Let $S$ be the portion of the sphere $x^2+y^2+z^2=9$, where $1\leq x^2+y^2\leq4$ and $z\geq0$. Calculate the surface area of $S$
Ok i'm really confused with this one. I know i have to apply the surface area formula but and possibly spherical coordinates but i can't seem how to get the integral out.
The shape. I thought of using spherical system but after doing i ended up with a 3 coordinate system. I'm not even sure how to begin with this one.
Best Answer
The surface $S$ in question is a spherical zone. Its area can be found by elementary means: If $R$ is the radius of the sphere and $h$ is the $z$-height of the zone then the area $\omega(S)$ is given by $$\omega(S)=2\pi R h\ .$$ As $R=3$ and $h$ is easily computed as $h=\sqrt{9-1}-\sqrt{9-4}$ we obtain $$\omega(S)=6\pi(\sqrt{8}-\sqrt{5})\ .$$ Now for the integral: Use polar coordinates in the $(x,y)$-plane as parameter variables.

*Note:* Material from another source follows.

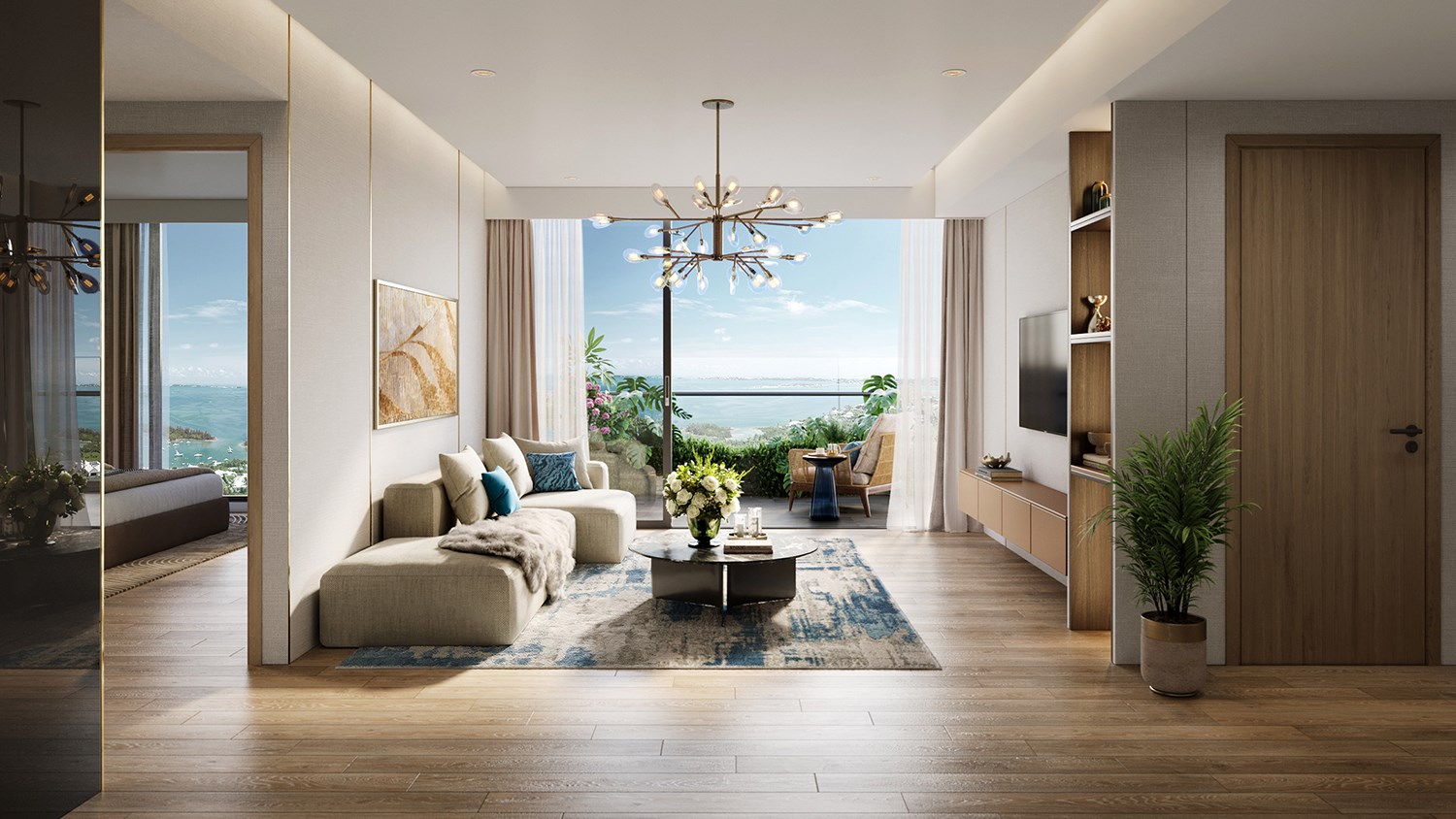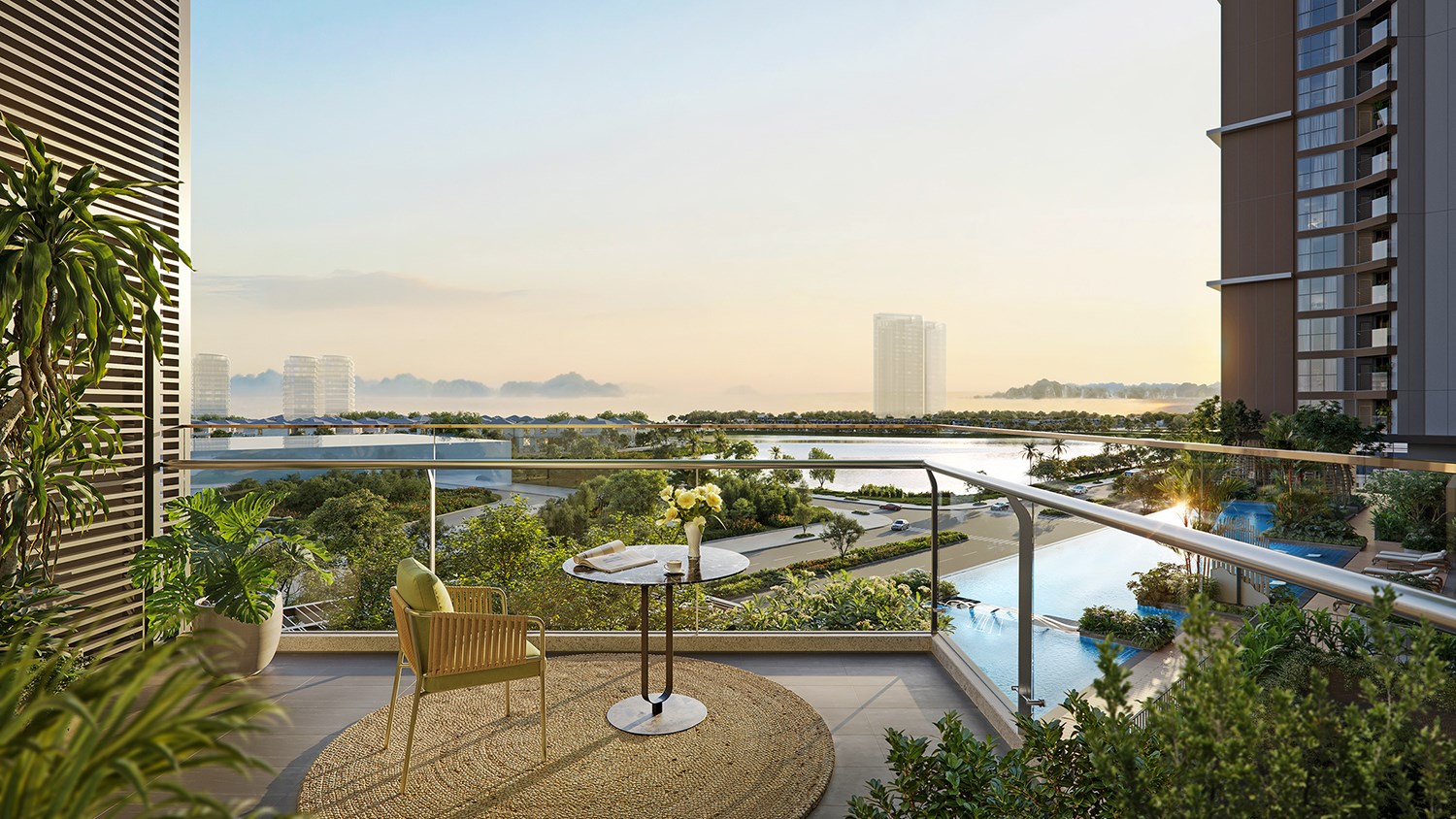 Tất cả các căn hộ đều sở hữu ban công chéo đón gió, cửa kính tràn viền với tầm nhìn hướng vịnh Hạ Long và hồ cảnh quan rộng 13,5ha. Thiết kế mang ngôn ngữ “Modern Luxury” tối giản và tinh tế, giúp tối ưu hóa công năng sử dụng và trải nghiệm lưu trú, phù hợp cho các mô hình cho thuê linh hoạt từ ngắn đến dài hạn.

Then $S$ is produced by $$S:\quad(r,\phi)\mapsto{\bf x}(r,\phi):=(r\cos\phi, \>r\sin\phi, \>\sqrt{9-r^2})\qquad(0\leq r\leq 2, \ 0\leq\phi\leq 2\pi)\ .$$ Then $${\bf x}_r=\bigl(\cos\phi,\sin\phi,-{r\over\sqrt{9-r^2}}\bigr),\quad{\bf x}_\phi=(-r\sin\phi,r\cos\phi,0)$$ and $${\bf x}_r\times{\bf x}_\phi=\left({r^2\cos\phi\over\sqrt{9-r^2}}, \ {r^2\sin\phi\over\sqrt{9-r^2}}, \ r\right)\ .$$ Therefore the area element becomes $${\rm d}\omega=|{\bf x}_r\times{\bf x}_\phi|\>{\rm d}(r,\phi)={3r\over\sqrt{9-r^2}}\>{\rm d}(r,\phi)\ ,$$ and we obtain $$\omega(S)=\int_0^{2\pi} \int_1^2{3r\over\sqrt{9-r^2}}\>dr\>d\phi=2\pi\ \left(-3\sqrt{9-r^2}\right)\biggr|_1^2=6\pi(\sqrt{8}-\sqrt{5})\ ,$$ as before.